Выбрать главу

СССР: ТЕРРИТОРИЯ ЛЮБВИ

Сборник статей

Вместо предисловия

В риторико-поэтическом лексиконе советской эпохи, если бы такой был составлен, слову «любовь» определенно стоило бы уделить отдельную статью. Идеологические декларации, обязывавшие советского человека настаивать на специфике своего социального опыта, изначально предполагали, что такая специфика проявляется как в области мысли, так и в сфере эмоций. «Простой советский человек», каким он рисовался в пропагандистских текстах вплоть до Перестройки, не только особенным образом мыслил, но и особенным образом чувствовал. Он не только знал и понимал нечто, чего не знали и не понимали буржуазные умники, но и эмоционально должен был быть другим: советский разум поверялся особенными советскими чувствами, а советские чувства — особенным советским разумом. «Перестроечные» разговоры об общечеловеческих ценностях и «человеческом факторе» не случайно ознаменовали не только закат эпохи СССР, но и связанного с ним социального опыта, предполагавшего нетривиальную герменевтику рациональных и эмоциональных понятий. В ряду таких понятий слово «любовь» должно быть названо хотя бы потому, что оно является иллюстративным к идеологии, которая не только допускала, но и требовала специфически артикулированной (прежде всего — политически грамотной) оценки «общечеловеческих» чувств на предмет их соответствия советскому социальному проекту. Печальным примером на этот счет может служить словосочетание «пролетарский гуманизм», семантически связанное с представлением о любви к ближнему, но своевременно перетолкованное Максимом Горьким как проявление «неугасимой ненависти» советского человека к врагам народа. Но и менее свирепых примеров достаточно, чтобы утверждать, что в истории советской культуры (как и в истории любой культуры): любовь любви — рознь.
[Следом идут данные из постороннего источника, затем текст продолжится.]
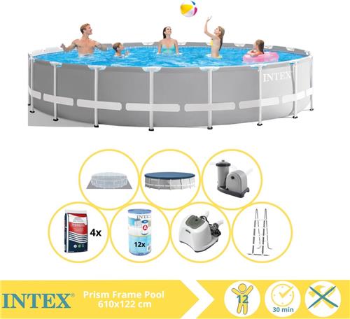 Intex Prism Frame Zwembad - Opzetzwembad - 610x122 cm - Inclusief Filter, Zoutsysteem en Zout

Сравнительно многочисленные работы, посвященные понятию «любовь» применительно к особенностям социального взаимодействия (прежде всего — важные для этой темы книги Никласа Лумана «Любовь как страсть» и Энтони Гидденса «Трансформация интимности»[1]) показывают, что герменевтические вариации, сопутствующие употреблению интимной лексики, являются прагматически прескриптивными, предписывающими: они не только подытоживают возможные смысло-различения в отношении к ее референту (будь то, скажем, человек, Бог или государство), но и определяют связываемые с ними культурные и социальные практики. Наиболее очевидный эффект таких различий состоит в политизации интимной и интимизации политической лексики, осложняющей представление об автономии публичного и приватного пространства, или, говоря языком Джорджио Агамбена, политической и «голой жизни» (political life vs. bare life)[2]. В ретроспективе социологических, психологических и историко-культурных наблюдений на предмет изменяющихся представлений общества о границах и превратностях слов и эмоций, которые позволяют говорить о любви и интимном доверии людей друг к другу или к важным для них абстракциям, «языки любви» интригуют тем, насколько они остаются общепонятными и коммуникативно действенными. Что, например, имел в виду Евгений Евтушенко, когда в годы брежневского застоя писал: «Коммунизм для меня — самый высший интим», а «сердце — второй партбилет»? И о какой любви на заре перестройки пел Михаил Боярский, рифмуя «все пройдет — так устроен свет <…> только верить надо, что любовь не проходит, нет»? Читатели настоящего сборника легко вспомнят, сколь богата советская культура текстами, обязанными как прямому вмешательству идеологии в частную жизнь советских людей, так и инерции языковой и культурной традиции, навыкам социальной коммуникации и особенностям медиальной репрезентации «любви» на былых пространствах СССР. Главная задача, которую ставили перед собой его составители, заключалась в прояснении этих вопросов под (преимущественно) филологическим углом зрения, — в нелишнее напоминание о соблазнительном истолковании самой филологии (в сопоставлении с прочими «-логиями») как «науки о любви».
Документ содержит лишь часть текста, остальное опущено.